Экономист Сергей Алексашенко о том, почему в России не происходит «мобилизация экономики»

Рост производства оружия и связанных с войной товаров в России почти достиг предельных возможностей. Но армии для победы этого недостаточно. Бывший первый зампред Центробанка России, экономист Сергей Алексашенко в интервью «Вёрстке» объяснил, почему, несмотря на продолжающуюся более года большую войну, «мобилизации экономики» в России по примеру Второй мировой войны не получится.

Чтобы не пропустить новые тексты «Вёрстки», подписывайтесь на наш телеграм-канал

— Пропагандисты, чиновники и многие радикальные «патриоты» настолько активно говорят о милитаризации экономики, что кажется будто она идёт вовсю. Насколько это соответствует действительности?

— Мне не нравится само определение «мобилизация экономики» применительно к ситуации в экономике страны. Оно означает то, что было в Советском союзе во время Второй мировой войны — когда в ущерб гражданским товарам производство массово переводилось на выпуск военной продукции.

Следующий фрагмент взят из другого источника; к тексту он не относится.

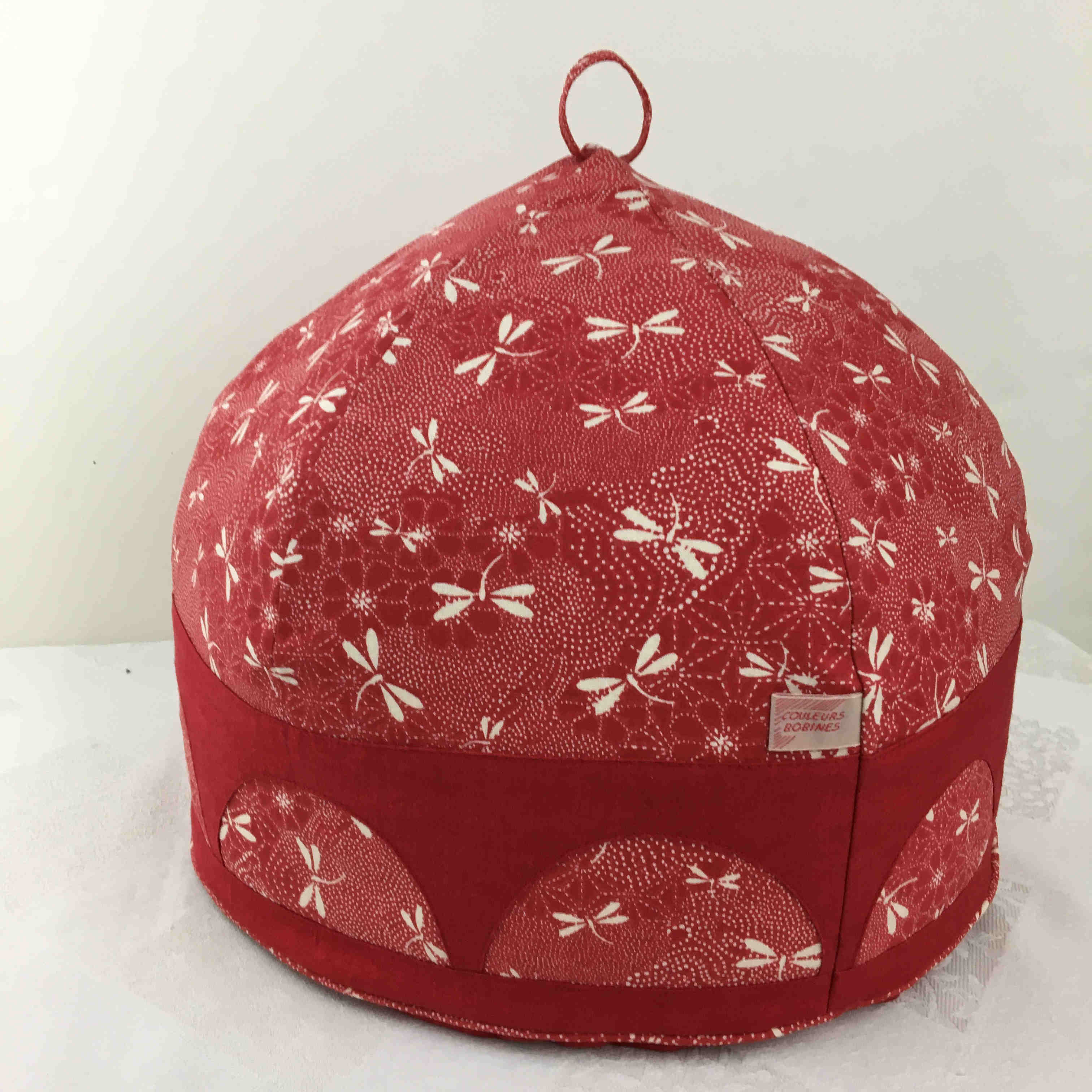 Housse décorative, patchwork en appliqué inversé sur popeline coton rouge imprimé libellules. Elle est déhoussable et lavable
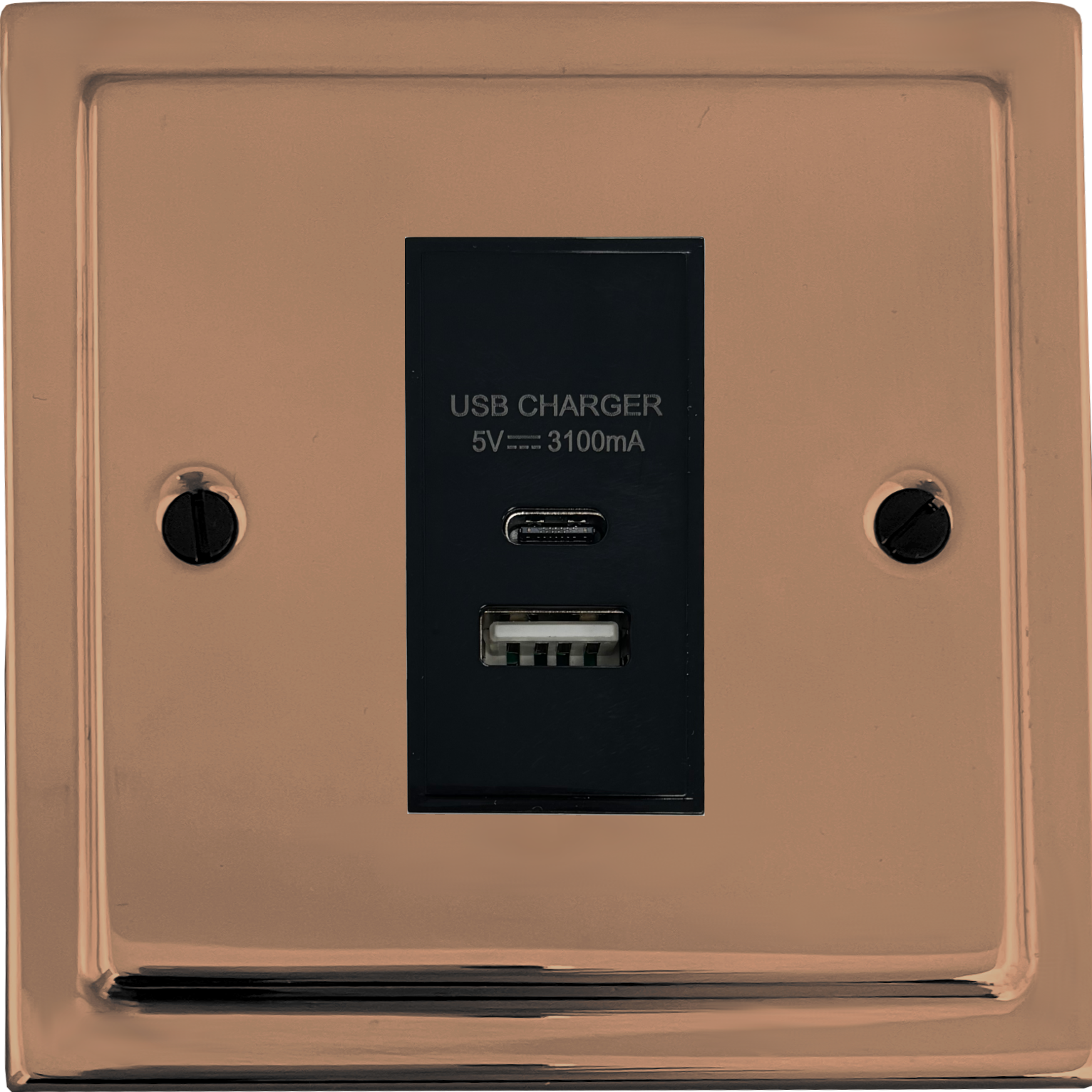 Copper USB Charger (USB-A and USB-C) (1 Gang/Black Insert) - G+H TBC41B
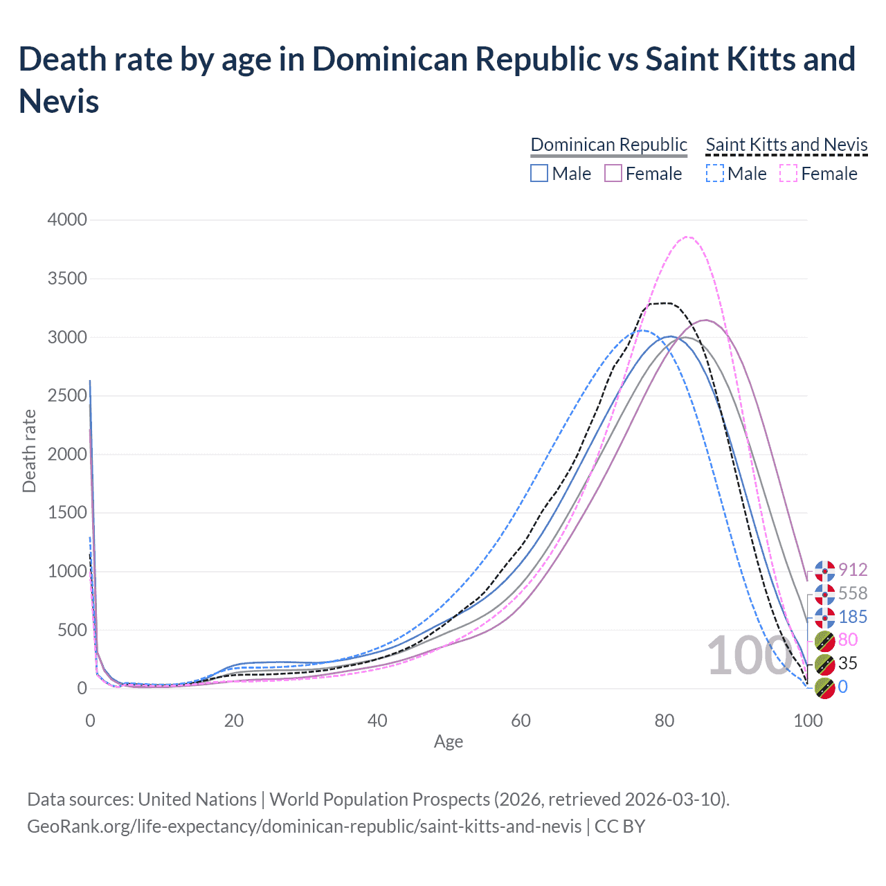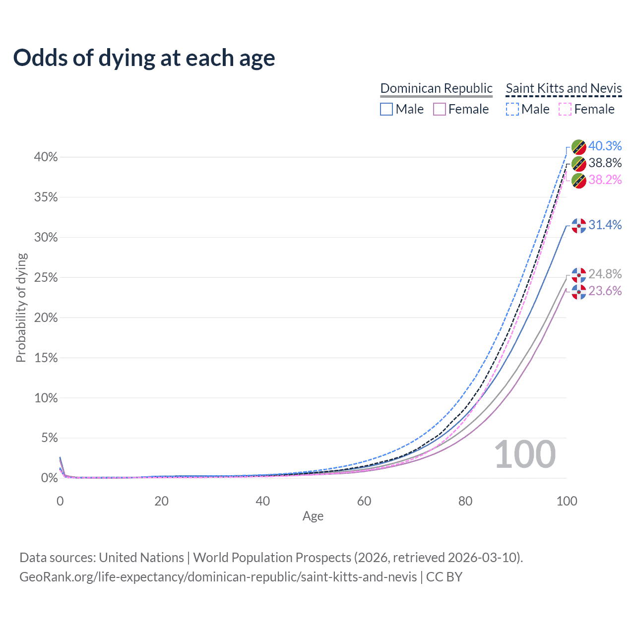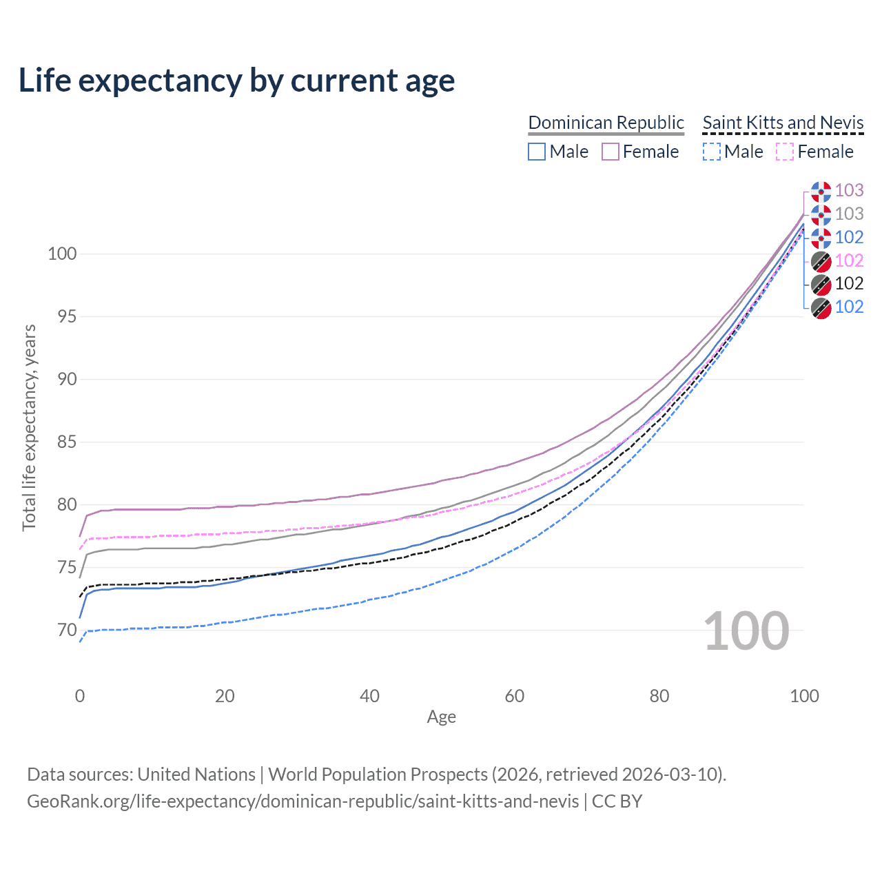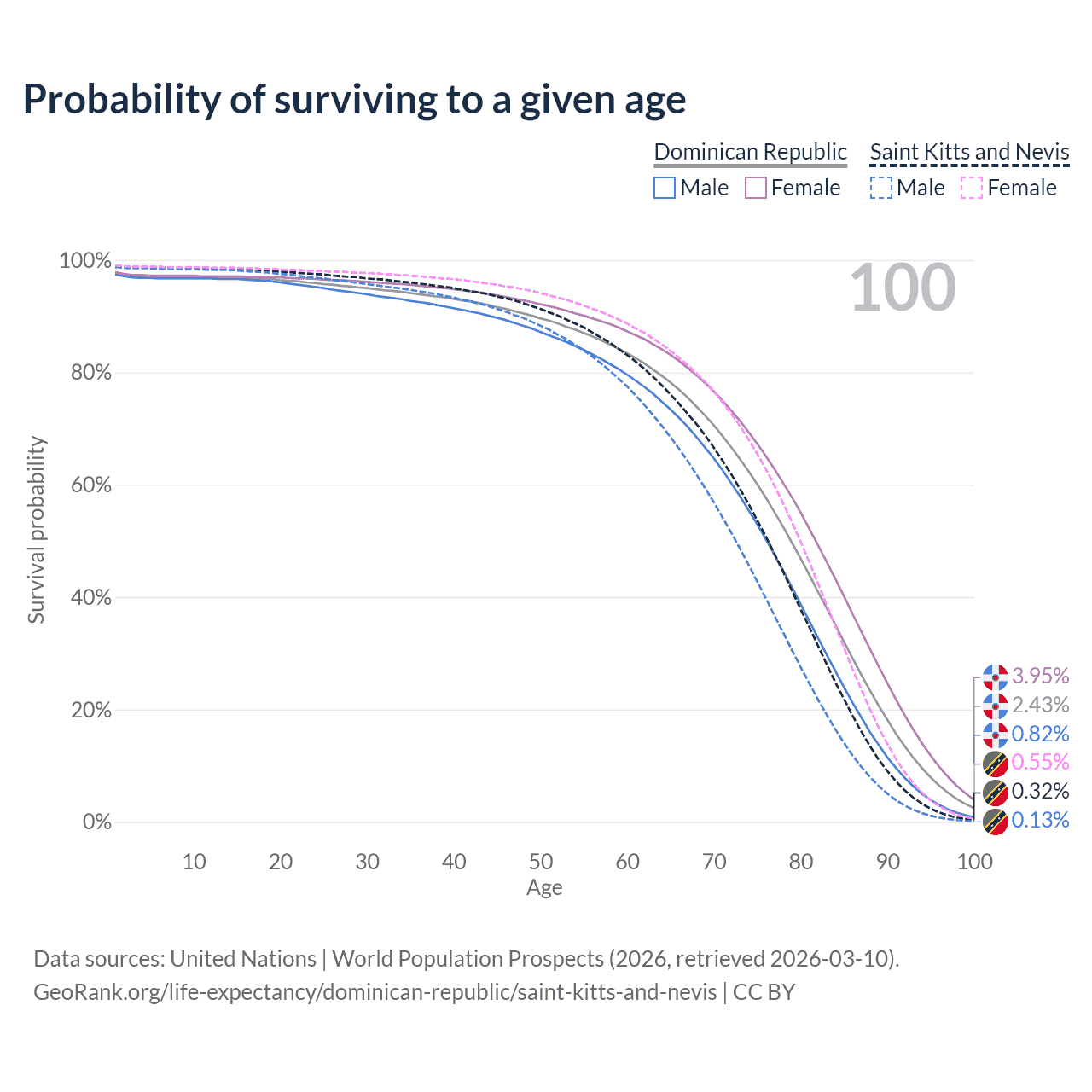 This life expectancy calculator shows the odds of living to 100, 95, 90, and below based on current age for both males and females in the Dominican Republic and Saint Kitts and Nevis, along with mean and median age of death. The calculations are based on the 2026 life tables (actuarial tables) from the UN World Population Prospects.
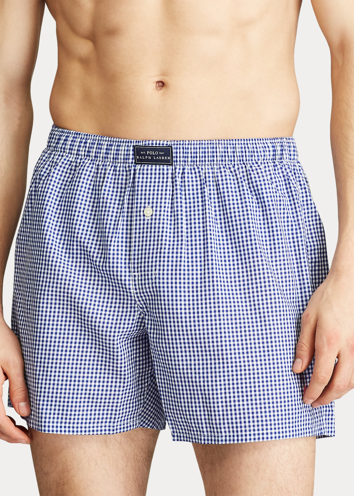 - Woven "Polo Ralph Lauren" label at front. Single-button fly.
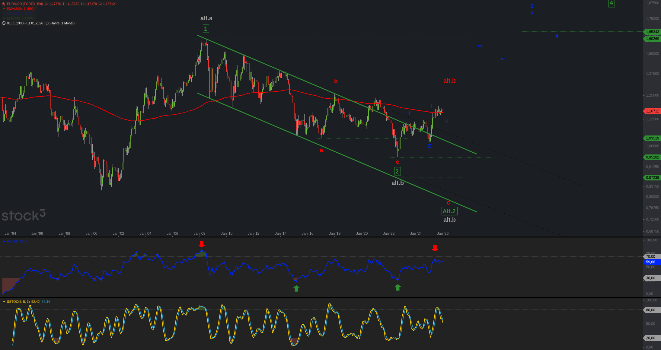 Monatschart EUR_USD 1993 – 2026, eine Kerze entspricht einem Monat / Logarithmisch – Chart Stock3.
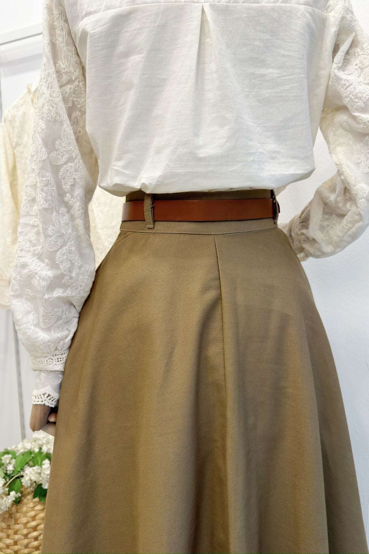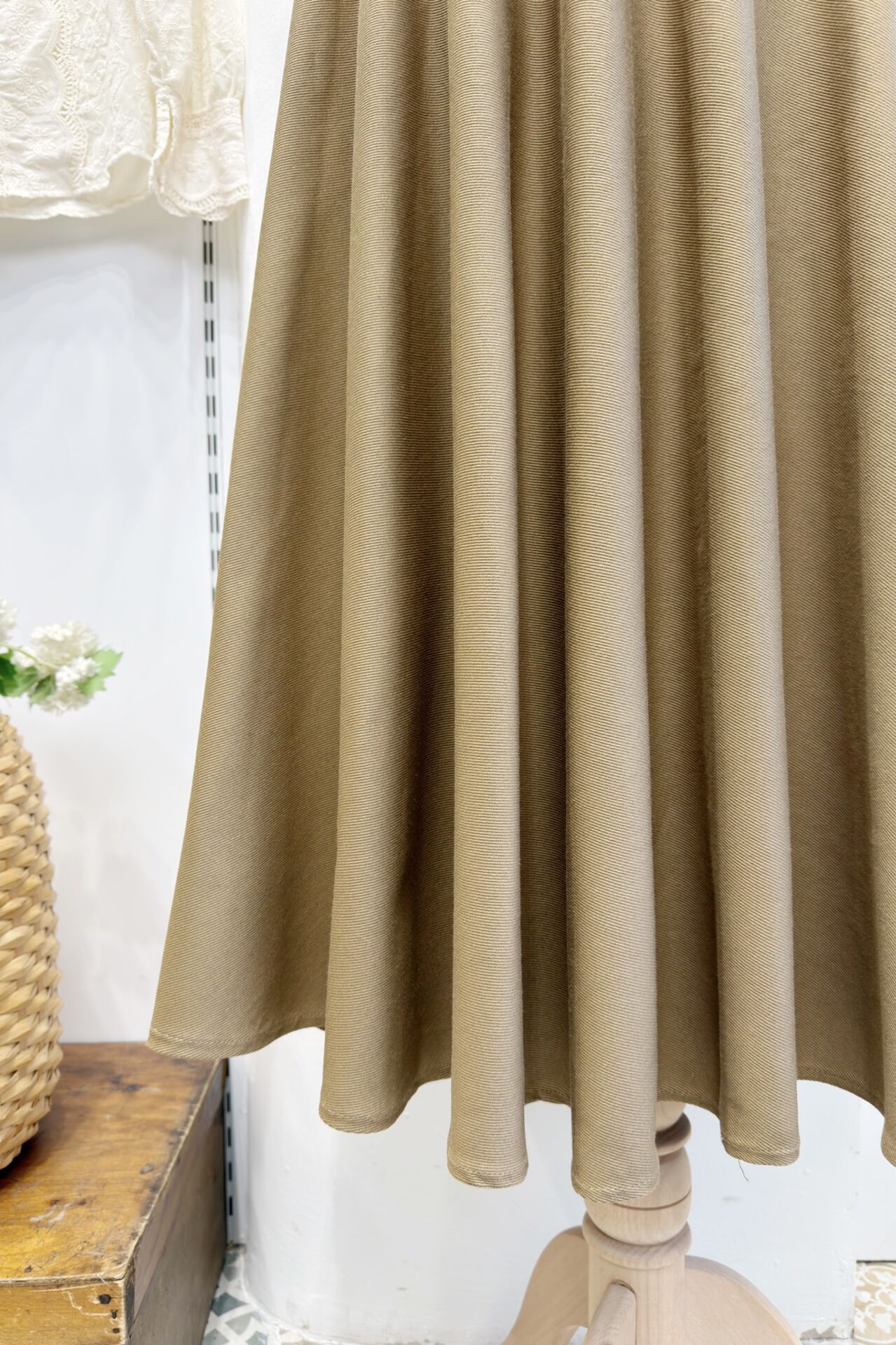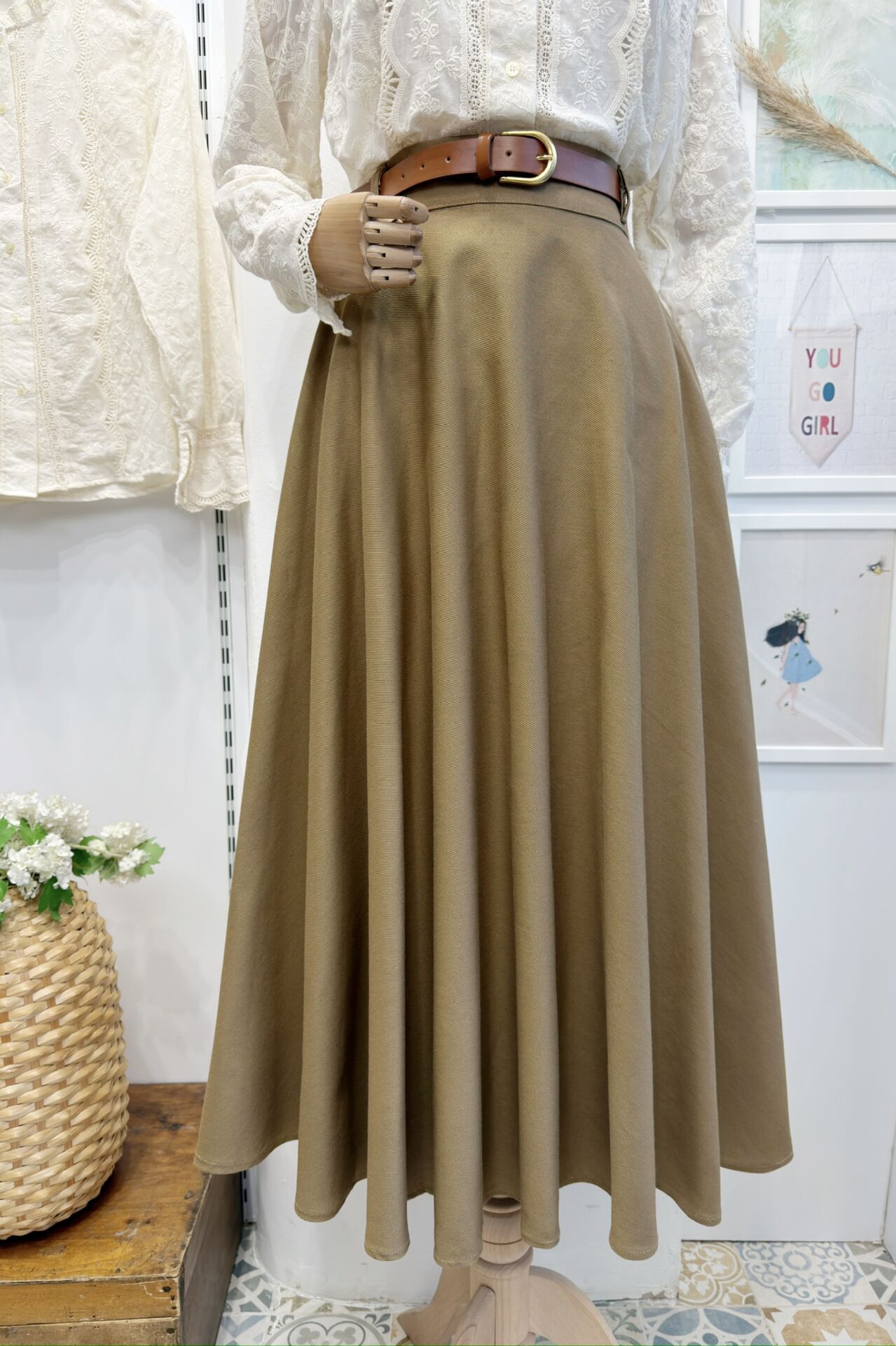 Kemerli Yağ Yeşili Kloş Gabardin Etek
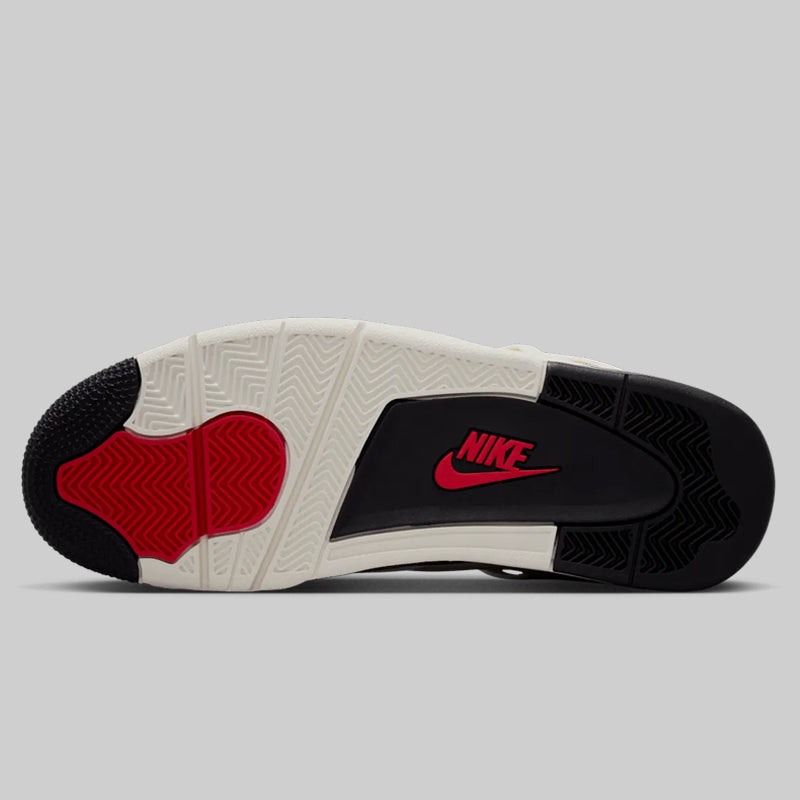Elevate your sneaker game with the Air Jordan 4 "Flight Club" in Sail and Black, a masterpiece of heritage and modern street style. This edition pays homage to the legendary "Flight" DNA, featuring a premium Sail-toned leather upper contrasted with sharp Black accents on the iconic "wings," lace eyelets, and heel tabs. The signature visible Air-Sole unit in the heel provides timeless cushioning, while the breathable mesh side panels ensure classic AJ4 comfort. Whether you're a hardcore collector or a style enthusiast, the Flight Club 4s deliver a sophisticated aesthetic that stands out on the streets and the court alike.
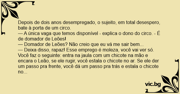 — Deixa disso, rapaz! Esse emprego é moleza, você vai ver só. Você faz o seguinte: entra na jaula com um chicote na mão e encara o Leão, se ele rugir, você estala o chicote no ar. Se ele der um passo pra frente, você dá um passo pra trás e estala o chicote no ar. Se ele der dois passos pra frente, você dá dois passos pra trás e estala o chicote no ar novamente. Se ele avançar de novo, você recua e estala o chicote no ar... é fácil...

Ничего подобного в России сейчас мы не видим.

— Тогда что видим?

— Выход части оборонных предприятий на полную производственную мощность. Мы не знаем точно, о какой доле идёт речь, эта информация закрыта. Понятно, что есть предприятия вроде производителей стратегических ракет, ускорять работу на которых и не нужно. Война в Украине — не про стратегические ракеты.

Проще всего происходящее объяснить на примере Уралвагонзавода — по сути, единственного в стране производителя танков. Четыре года назад он строил 200 танков в год для российской армии, ещё 50 на экспорт. И был загружен примерно на четверть. Теперь, судя по информации о работе в несколько смен, он работает на полную мощность или близко к тому. Это чуть меньше тысячи танков в год.

Если перевести эти показатели в цифры, то можно вспомнить что несколько лет назад экспортный российский танк стоил «на выходе» около 3 миллионов долларов. Получается, что в самом пиковом случае рост оборота УВЗ за полный год составит чуть больше 200 миллиардов рублей. Даже если мы добавим к этому все остальные предприятия отрасли, то получатся совсем небольшие цифры роста по сравнению со всем ВВП страны.

— Какое влияние на экономические показатели сейчас оказывает война?

— Мы видим, исходя из данных официальной статистики, как в российской экономике вырос «флюс», явно связанный с ней. Это рост производства по отдельным группам. Например, выпуск кокса и нефтепродуктов в марте 2023 года вырос по отношению к марту 2022 на 9,3%. Но их экспорт из страны в связи с санкциями и переориентацией логистических цепочек не увеличивается. Видим рост производства электроники и оптики в первом квартале 2023 года на 21,9% к первому кварталу прошлого года, металлических изделий на 23,5% за тот же период, а также совсем с виду невоенных товаров, но тем не менее, связанных с войной — например, тех же кровоостанавливающих препаратов. Эти цифры говорят нам, что в стране появился какой-то большой потребитель всех этих товаров. И называется он армия. Но для рядового потребителя это не будет заметно — какая ему разница куда продаётся тот же бензин: на экспорт или в войска? С его точки зрения, он произведён, отправлен и исчез.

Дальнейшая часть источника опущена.